The surprise move came after her husband, Lee Bo, who sold books critical of top Communist Party officials, vanished from Hong Kong last week.

Lee was the fifth person in the city connected to the publication of sensational books on top Chinese leaders to disappear since October, prompting speculation among democratic activists that Chinese security agents may have detained them.
The Plot Thickens In The Mystery Of Hong Kong's Missing Booksellers (January 5, 2016)
posted by filthy light thief at 7:24 PM on January 9, 2016 [1 favorite]


Thanks for putting this post together. I have fond memories of going through the politically naughty bookstores of Mongkok while in Hong Kong on visa runs, and of the little frisson that I got whenever I carried my purchases back across the border.
posted by bokane at 11:30 PM on January 9, 2016


I moved to Hong Kong three years ago and more than anything else, this case has made me question whether it's time to plan an exit strategy and head somewhere more secure. Plenty of my friends here who can theoretically live elsewhere are considering the same thing.
posted by mdonley at 1:51 AM on January 10, 2016 [4 favorites]

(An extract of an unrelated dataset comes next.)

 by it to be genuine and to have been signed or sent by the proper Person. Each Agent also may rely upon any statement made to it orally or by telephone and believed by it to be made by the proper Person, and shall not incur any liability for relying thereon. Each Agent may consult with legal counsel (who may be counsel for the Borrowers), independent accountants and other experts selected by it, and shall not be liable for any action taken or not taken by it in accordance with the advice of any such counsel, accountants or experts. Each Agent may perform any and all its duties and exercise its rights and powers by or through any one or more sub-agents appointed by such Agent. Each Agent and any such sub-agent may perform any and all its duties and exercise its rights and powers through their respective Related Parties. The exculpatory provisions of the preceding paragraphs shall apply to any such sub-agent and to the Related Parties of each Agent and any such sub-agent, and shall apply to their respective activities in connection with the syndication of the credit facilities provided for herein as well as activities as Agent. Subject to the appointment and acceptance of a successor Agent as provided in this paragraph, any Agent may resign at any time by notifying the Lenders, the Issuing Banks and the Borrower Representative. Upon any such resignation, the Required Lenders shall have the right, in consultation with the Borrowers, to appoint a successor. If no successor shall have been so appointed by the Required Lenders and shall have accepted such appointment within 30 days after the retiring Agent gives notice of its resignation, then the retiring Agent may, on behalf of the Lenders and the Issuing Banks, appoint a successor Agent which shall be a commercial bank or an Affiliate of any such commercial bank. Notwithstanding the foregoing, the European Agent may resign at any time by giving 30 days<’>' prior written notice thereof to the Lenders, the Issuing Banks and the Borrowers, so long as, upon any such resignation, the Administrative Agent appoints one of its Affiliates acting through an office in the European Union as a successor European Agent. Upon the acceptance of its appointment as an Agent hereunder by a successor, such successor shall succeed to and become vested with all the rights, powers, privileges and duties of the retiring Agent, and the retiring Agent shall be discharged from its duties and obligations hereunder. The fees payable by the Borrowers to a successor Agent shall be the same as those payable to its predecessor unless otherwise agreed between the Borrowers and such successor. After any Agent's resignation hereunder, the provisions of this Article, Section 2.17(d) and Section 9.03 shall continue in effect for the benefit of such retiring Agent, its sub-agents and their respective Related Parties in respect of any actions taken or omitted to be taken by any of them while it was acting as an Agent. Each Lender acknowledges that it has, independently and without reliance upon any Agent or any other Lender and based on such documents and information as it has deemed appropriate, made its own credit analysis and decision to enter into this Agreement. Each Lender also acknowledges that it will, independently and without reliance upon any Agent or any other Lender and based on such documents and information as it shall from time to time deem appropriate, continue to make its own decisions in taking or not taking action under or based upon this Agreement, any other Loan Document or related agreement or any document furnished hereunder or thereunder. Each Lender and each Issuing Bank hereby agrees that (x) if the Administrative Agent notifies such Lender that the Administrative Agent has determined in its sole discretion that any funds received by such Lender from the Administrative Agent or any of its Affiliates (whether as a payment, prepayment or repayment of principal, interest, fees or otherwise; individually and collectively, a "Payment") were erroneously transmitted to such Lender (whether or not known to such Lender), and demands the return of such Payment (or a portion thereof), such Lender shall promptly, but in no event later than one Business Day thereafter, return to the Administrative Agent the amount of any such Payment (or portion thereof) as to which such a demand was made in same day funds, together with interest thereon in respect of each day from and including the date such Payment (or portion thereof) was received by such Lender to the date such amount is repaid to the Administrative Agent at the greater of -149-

What has happened to the political situation in Hong Kong since I left ten years ago always upsets me.
posted by Dysk at 4:08 AM on January 10, 2016


Sad to hear, mdonley, but you're probably right. I spent a decade in China, and after years of building a life and putting down roots there (to whatever extent that's possible for a foreigner), I ended up realizing around 2012 or 2013 that however optimistic I might've been about the place in the medium-term, the environment there was getting a lot worse. I left in mid-2013 and haven't regretted it for more than a half hour or so a day since then. A lot of my friends, Chinese and non-, have left since then, or are planning to, or are doing their best to make sure their kids have the option. It's a truly sad thing to see.

Hong Kong's a different situation, of course. But even in Beijing, people were still optimistic about five or six years ago. Don't think that's been possible, even for the most congenitally sunny, for quite some time now.
posted by bokane at 4:23 AM on January 10, 2016 [3 favorites]


Bokane, are you speaking of the political environment or the actual (like, clean air) environment? Or both?
posted by blueberry at 5:35 AM on January 10, 2016


Both, really -- the lousy environment environment probably would've been a lot more tolerable if the government hadn't started getting crackdown-crazy around early 2011 in response to the Arab Spring.
posted by bokane at 7:02 AM on January 10, 2016


Was it the Arab Spring that triggered all this off? I vaguely thought it had something to do with Xi Jinping's personal agenda and things became definitively worse when he took over, but I don't know.
posted by Aravis76 at 7:19 AM on January 10, 2016 [1 favorite]


> Thanks for putting this post together.

From me as well; I'd been wanting to know more about this. Great post.
posted by languagehat at 8:30 AM on January 10, 2016


So basically what happened was Beijing took a huge dump on Hong Kong Basic Law and flush it down the toilet.
posted by Carius at 9:09 AM on January 10, 2016


Xi Jinping definitely came in with his own agenda, but some of the crackdowns started before him: my reading is that the Arab Spring was seen in China as a case of the sort of color revolution that the US (aka unspecified "hostile foreign forces") was hoping to foment and support via social media properties. So there was about a two-week period during that time (February/March 2011, if memory serves) where the international internet was very nearly unusable, even with a VPN. Monitoring and blocking got stepped up very noticeably afterward.
posted by bokane at 10:07 AM on January 10, 2016 [3 favorites]


Last night I could hear the protests going on from my apartment. I tend to stay away from the protests myself, so that the protests can't be blamed on western influence. (During Occupy, this was a thing-- pictures of white faces would be spread as "evidence" of foreign agents inciting the crowds.)
posted by frumiousb at 5:27 PM on January 10, 2016 [4 favorites]


An update, of sorts. Needless to say, nobody in Hong Kong believes it.
posted by frumiousb at 9:31 PM on January 17, 2016


It's a bloody travesty. The ccp are so ham fisted.